▶ PROBLEM
Scan the records below for the line with "II T6 GB)、防护等级IP65的工业标准,同时配置两组继电器输出,为工业安全提供可靠监测与保护。" and the line with "PURWAKARTA – Di", and retype that range exactly, both ends included, pictures excepted.

▶ DATASET RECORDS

________

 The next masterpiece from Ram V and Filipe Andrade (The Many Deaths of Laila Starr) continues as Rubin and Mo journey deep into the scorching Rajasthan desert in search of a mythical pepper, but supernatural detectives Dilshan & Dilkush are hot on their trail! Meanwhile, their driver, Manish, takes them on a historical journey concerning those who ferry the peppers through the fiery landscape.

________

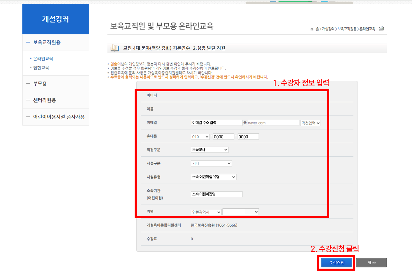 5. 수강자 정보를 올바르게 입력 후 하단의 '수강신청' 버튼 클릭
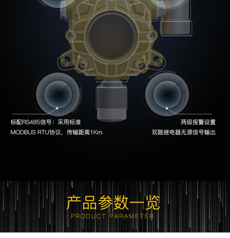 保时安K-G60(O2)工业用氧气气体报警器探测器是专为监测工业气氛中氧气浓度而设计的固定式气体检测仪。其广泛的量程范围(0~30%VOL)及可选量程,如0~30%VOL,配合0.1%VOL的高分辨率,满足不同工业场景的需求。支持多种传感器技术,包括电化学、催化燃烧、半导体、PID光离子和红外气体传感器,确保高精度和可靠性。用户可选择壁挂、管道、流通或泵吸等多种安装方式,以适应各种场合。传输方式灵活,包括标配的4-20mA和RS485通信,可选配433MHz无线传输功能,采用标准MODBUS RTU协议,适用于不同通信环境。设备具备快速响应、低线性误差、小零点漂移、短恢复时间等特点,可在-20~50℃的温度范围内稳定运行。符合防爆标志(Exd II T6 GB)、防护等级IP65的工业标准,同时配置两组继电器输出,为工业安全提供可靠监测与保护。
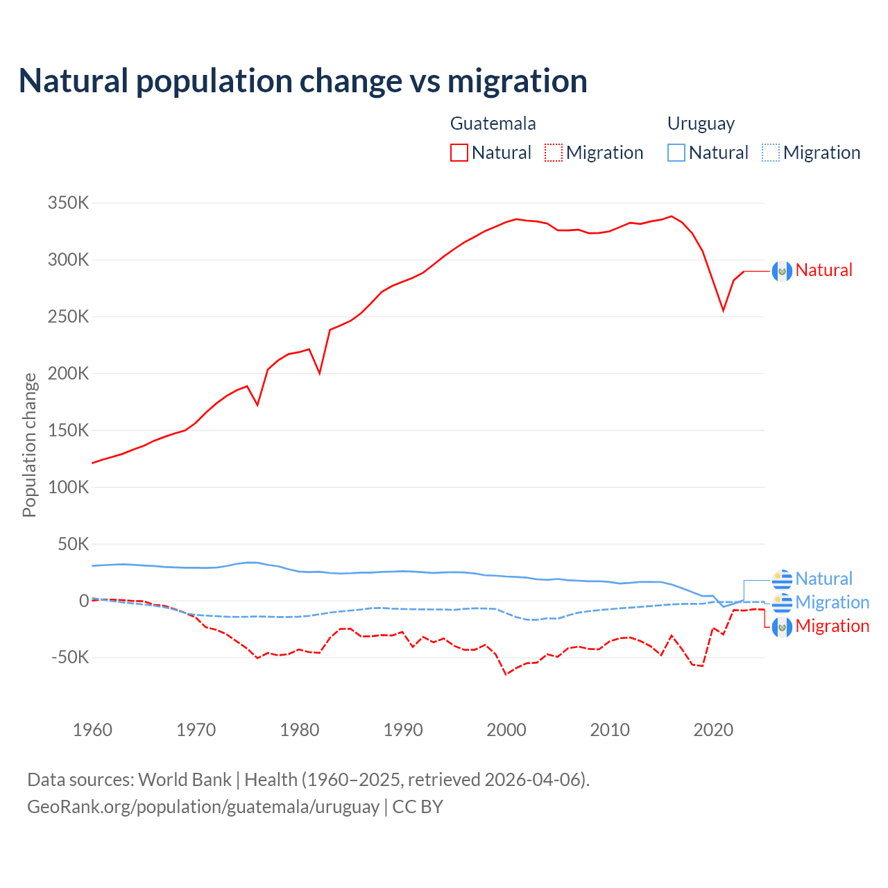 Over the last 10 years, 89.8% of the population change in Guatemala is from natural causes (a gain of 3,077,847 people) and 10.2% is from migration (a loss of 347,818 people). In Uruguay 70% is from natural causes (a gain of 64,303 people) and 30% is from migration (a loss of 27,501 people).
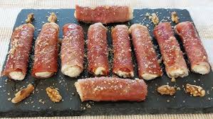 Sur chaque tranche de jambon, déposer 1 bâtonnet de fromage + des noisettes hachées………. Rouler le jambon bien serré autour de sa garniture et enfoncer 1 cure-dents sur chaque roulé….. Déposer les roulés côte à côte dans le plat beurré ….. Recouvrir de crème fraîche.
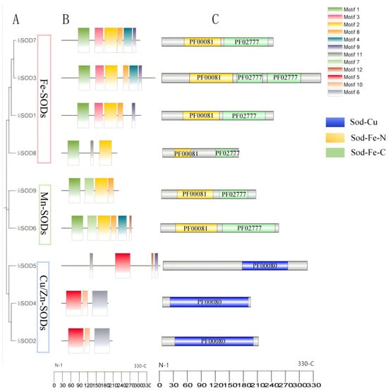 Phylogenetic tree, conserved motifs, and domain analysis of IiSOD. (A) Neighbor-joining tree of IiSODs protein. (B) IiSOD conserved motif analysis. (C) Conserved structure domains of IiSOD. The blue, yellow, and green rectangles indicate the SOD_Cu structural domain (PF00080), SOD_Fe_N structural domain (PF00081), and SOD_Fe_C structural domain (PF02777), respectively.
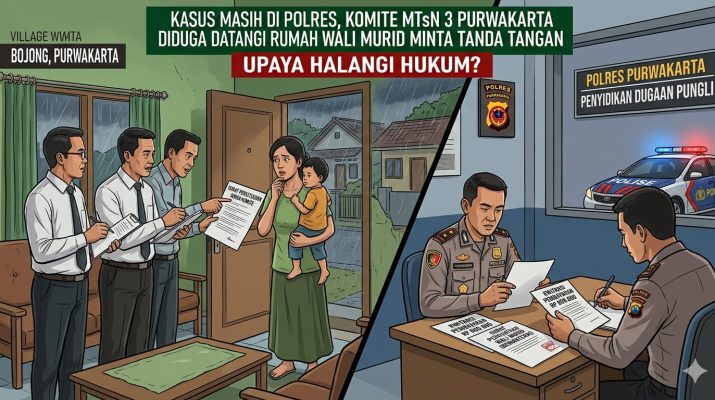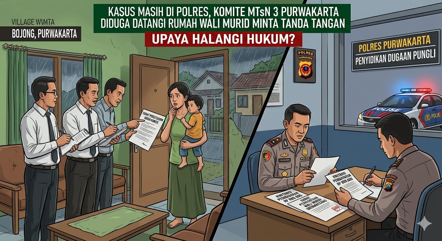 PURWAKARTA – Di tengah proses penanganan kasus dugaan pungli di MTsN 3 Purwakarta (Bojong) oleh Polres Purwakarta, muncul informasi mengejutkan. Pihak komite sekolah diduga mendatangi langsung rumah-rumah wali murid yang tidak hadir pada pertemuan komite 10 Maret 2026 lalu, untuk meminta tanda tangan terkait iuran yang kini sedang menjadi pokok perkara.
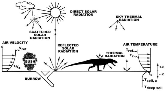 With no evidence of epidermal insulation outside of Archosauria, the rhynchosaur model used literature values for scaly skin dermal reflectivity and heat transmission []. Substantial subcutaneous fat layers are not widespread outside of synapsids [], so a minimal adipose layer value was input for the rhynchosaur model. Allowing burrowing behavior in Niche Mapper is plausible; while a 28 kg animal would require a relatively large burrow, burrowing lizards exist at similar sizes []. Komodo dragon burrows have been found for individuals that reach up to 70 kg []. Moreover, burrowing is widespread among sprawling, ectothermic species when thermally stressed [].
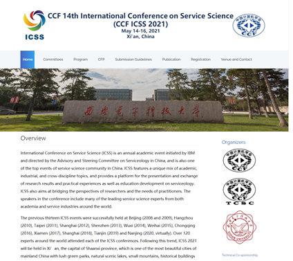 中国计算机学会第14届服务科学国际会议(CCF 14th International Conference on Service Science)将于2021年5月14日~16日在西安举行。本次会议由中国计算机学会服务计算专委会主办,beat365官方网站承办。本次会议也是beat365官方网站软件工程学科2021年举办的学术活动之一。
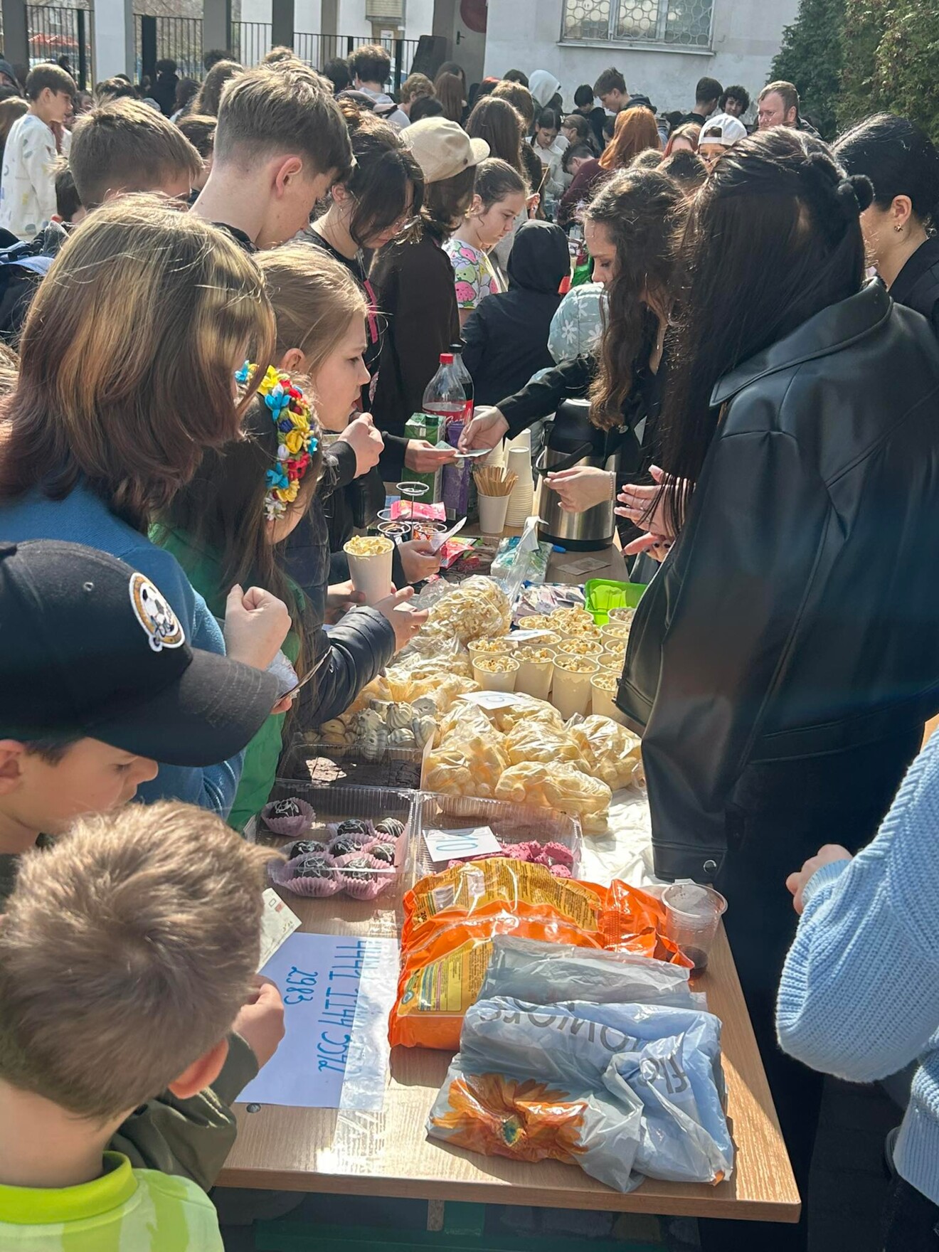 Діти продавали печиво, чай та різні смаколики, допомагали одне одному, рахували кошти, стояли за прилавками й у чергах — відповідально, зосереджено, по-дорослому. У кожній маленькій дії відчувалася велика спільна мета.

________

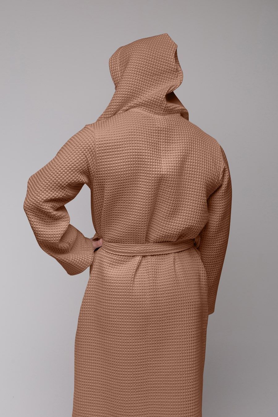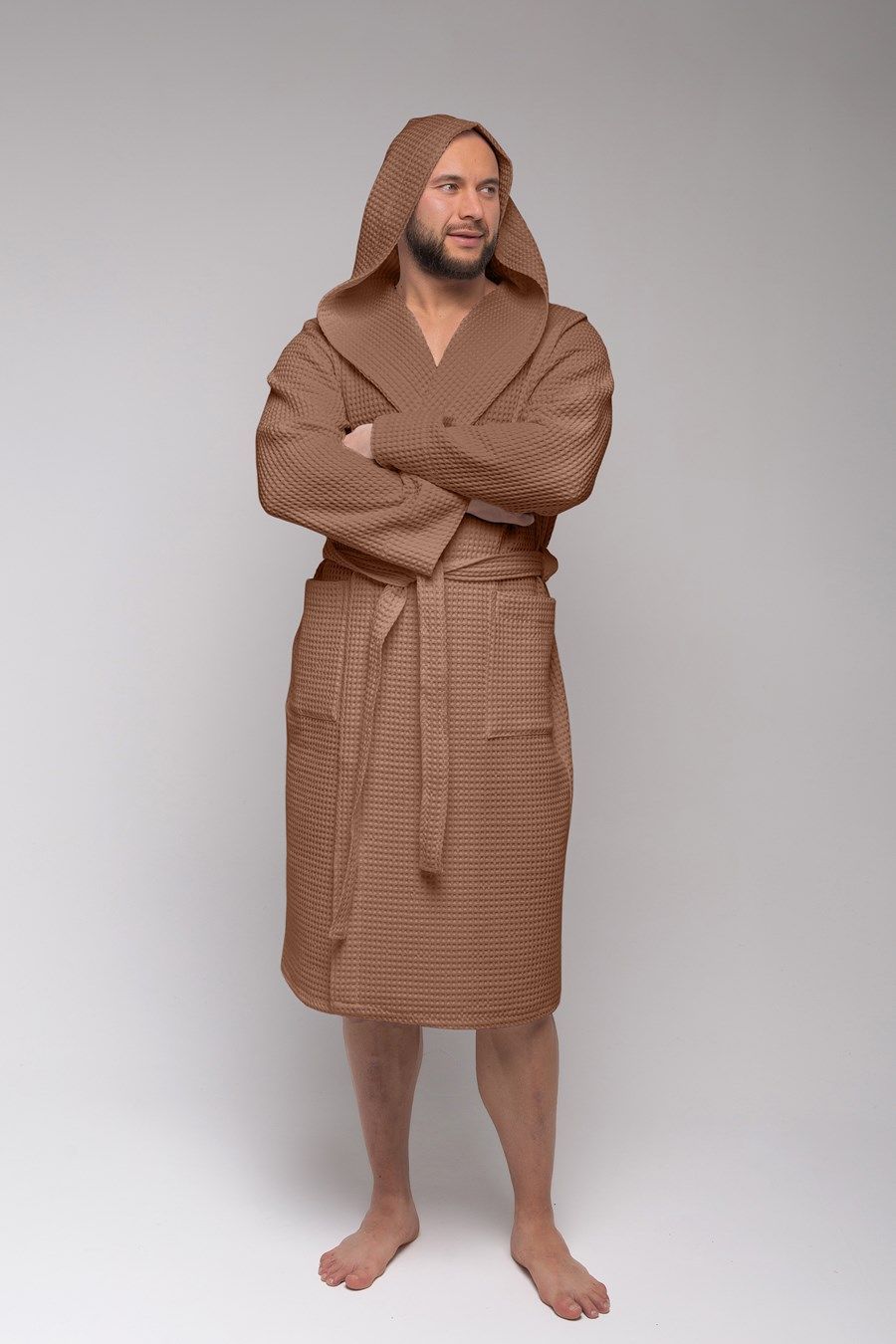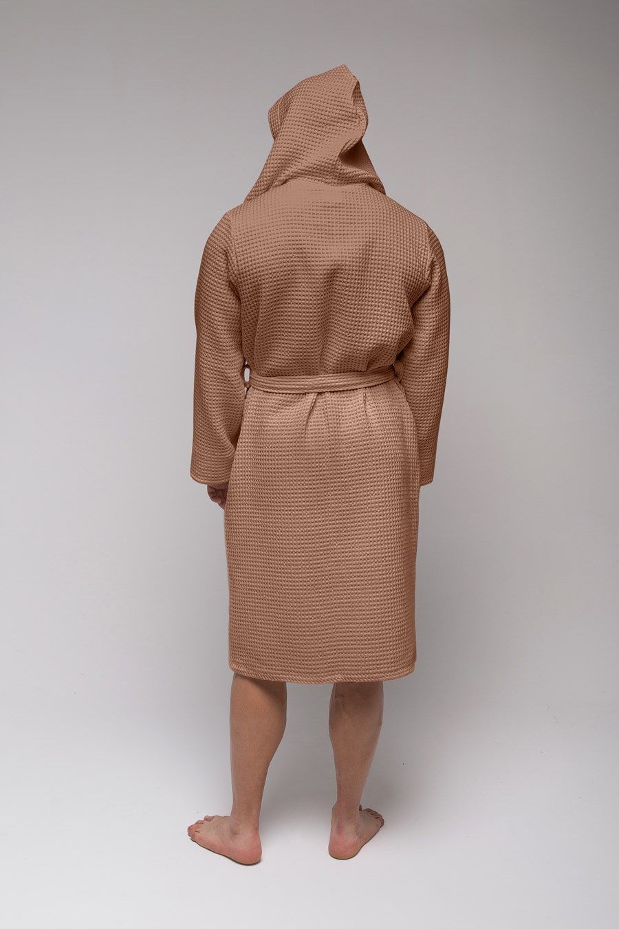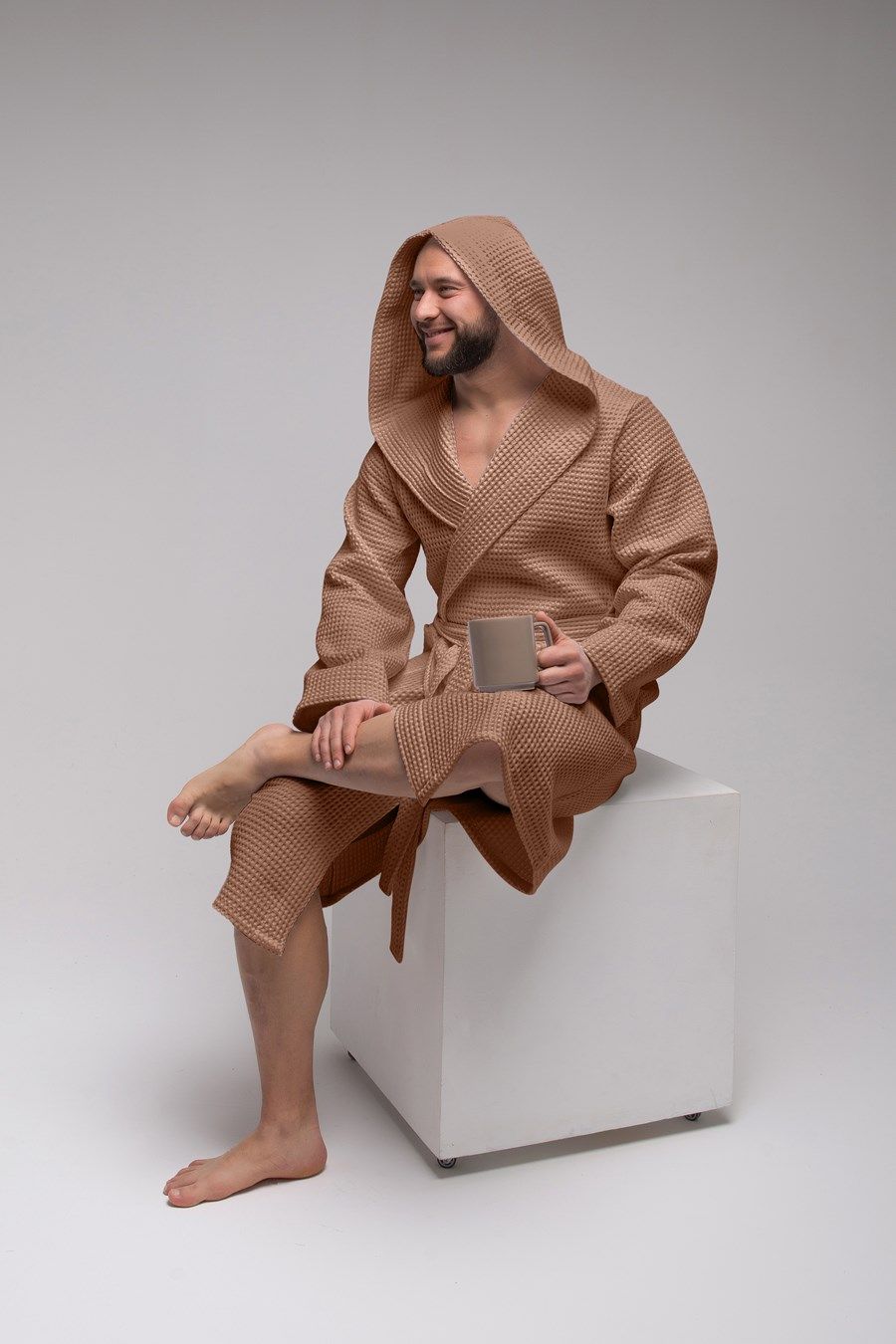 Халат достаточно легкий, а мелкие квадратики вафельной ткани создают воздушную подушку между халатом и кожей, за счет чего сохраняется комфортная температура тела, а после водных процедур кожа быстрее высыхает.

________

▶ SOLUTION FOR THIS EXERCISE
 保时安K-G60(O2)工业用氧气气体报警器探测器是专为监测工业气氛中氧气浓度而设计的固定式气体检测仪。其广泛的量程范围(0~30%VOL)及可选量程,如0~30%VOL,配合0.1%VOL的高分辨率,满足不同工业场景的需求。支持多种传感器技术,包括电化学、催化燃烧、半导体、PID光离子和红外气体传感器,确保高精度和可靠性。用户可选择壁挂、管道、流通或泵吸等多种安装方式,以适应各种场合。传输方式灵活,包括标配的4-20mA和RS485通信,可选配433MHz无线传输功能,采用标准MODBUS RTU协议,适用于不同通信环境。设备具备快速响应、低线性误差、小零点漂移、短恢复时间等特点,可在-20~50℃的温度范围内稳定运行。符合防爆标志(Exd II T6 GB)、防护等级IP65的工业标准,同时配置两组继电器输出,为工业安全提供可靠监测与保护。
 Over the last 10 years, 89.8% of the population change in Guatemala is from natural causes (a gain of 3,077,847 people) and 10.2% is from migration (a loss of 347,818 people). In Uruguay 70% is from natural causes (a gain of 64,303 people) and 30% is from migration (a loss of 27,501 people).
 Sur chaque tranche de jambon, déposer 1 bâtonnet de fromage + des noisettes hachées………. Rouler le jambon bien serré autour de sa garniture et enfoncer 1 cure-dents sur chaque roulé….. Déposer les roulés côte à côte dans le plat beurré ….. Recouvrir de crème fraîche.
 Phylogenetic tree, conserved motifs, and domain analysis of IiSOD. (A) Neighbor-joining tree of IiSODs protein. (B) IiSOD conserved motif analysis. (C) Conserved structure domains of IiSOD. The blue, yellow, and green rectangles indicate the SOD_Cu structural domain (PF00080), SOD_Fe_N structural domain (PF00081), and SOD_Fe_C structural domain (PF02777), respectively.
 PURWAKARTA – Di tengah proses penanganan kasus dugaan pungli di MTsN 3 Purwakarta (Bojong) oleh Polres Purwakarta, muncul informasi mengejutkan. Pihak komite sekolah diduga mendatangi langsung rumah-rumah wali murid yang tidak hadir pada pertemuan komite 10 Maret 2026 lalu, untuk meminta tanda tangan terkait iuran yang kini sedang menjadi pokok perkara.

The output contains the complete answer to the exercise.